SOURCE MATERIAL>
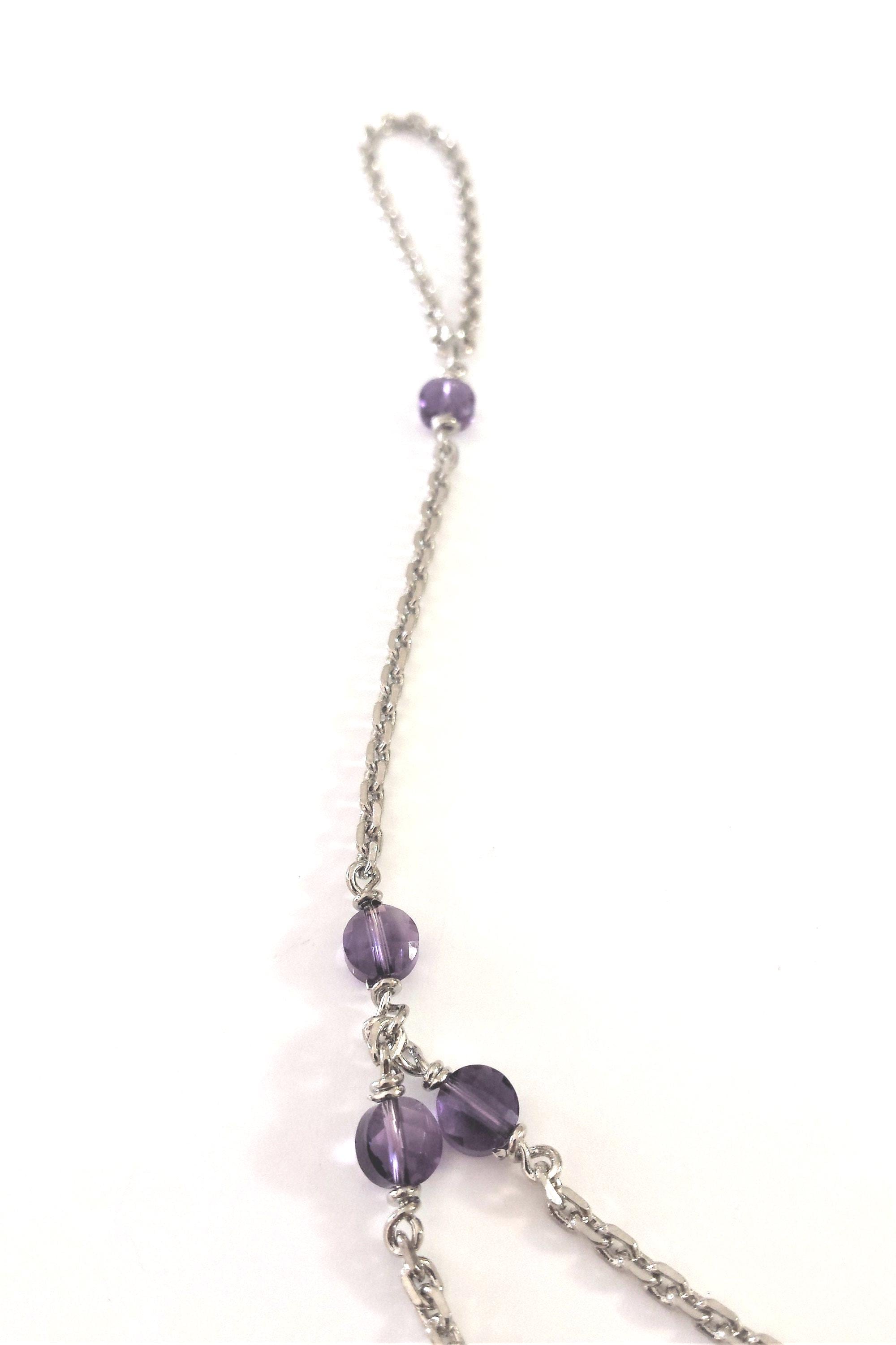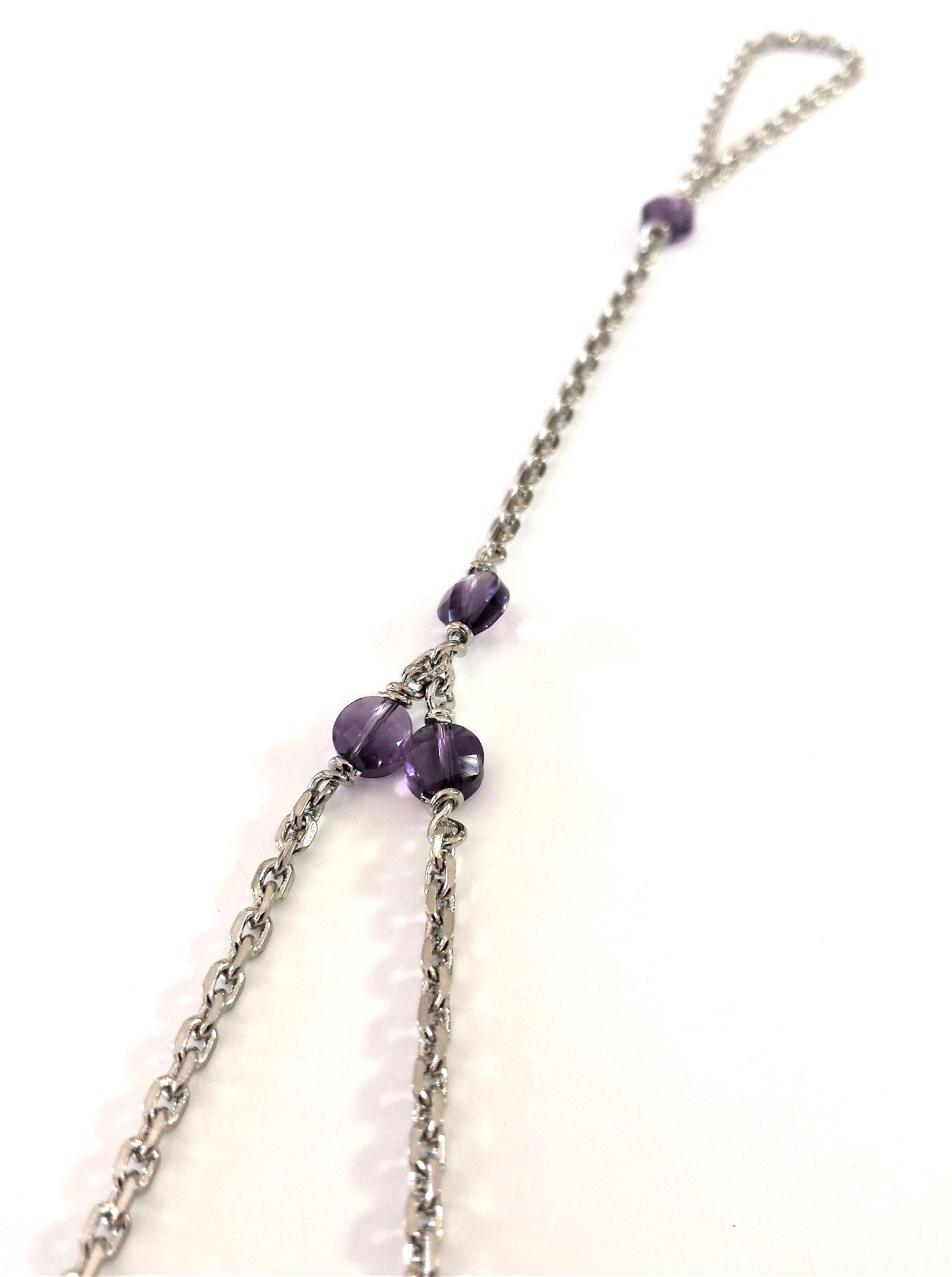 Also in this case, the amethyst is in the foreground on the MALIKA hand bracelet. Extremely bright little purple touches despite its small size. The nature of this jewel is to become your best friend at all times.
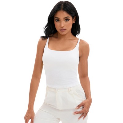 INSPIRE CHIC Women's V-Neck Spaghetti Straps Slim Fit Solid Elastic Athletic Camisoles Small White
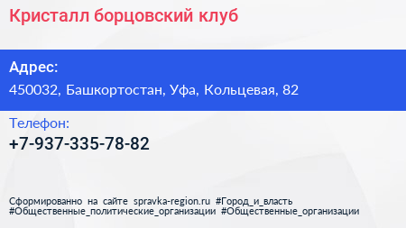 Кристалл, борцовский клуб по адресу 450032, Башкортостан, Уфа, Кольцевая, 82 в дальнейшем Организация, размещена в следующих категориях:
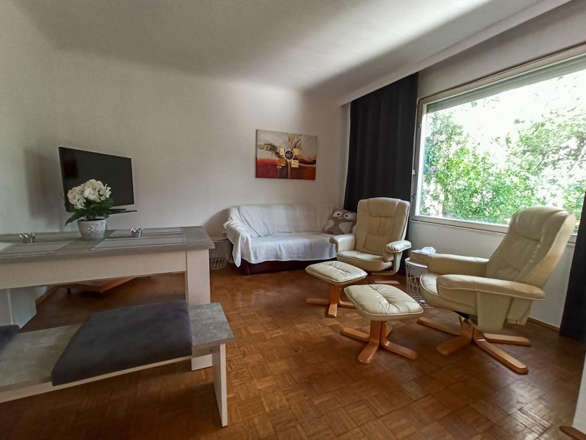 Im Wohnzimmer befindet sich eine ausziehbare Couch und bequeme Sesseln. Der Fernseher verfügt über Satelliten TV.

WHAT THIS TASK INVOLVES> What is needed is an exact copy of the data, with the pictures removed.

EXERCISE SOLUTION>
 Also in this case, the amethyst is in the foreground on the MALIKA hand bracelet. Extremely bright little purple touches despite its small size. The nature of this jewel is to become your best friend at all times.
 INSPIRE CHIC Women's V-Neck Spaghetti Straps Slim Fit Solid Elastic Athletic Camisoles Small White
 Кристалл, борцовский клуб по адресу 450032, Башкортостан, Уфа, Кольцевая, 82 в дальнейшем Организация, размещена в следующих категориях:
 Im Wohnzimmer befindet sich eine ausziehbare Couch und bequeme Sesseln. Der Fernseher verfügt über Satelliten TV.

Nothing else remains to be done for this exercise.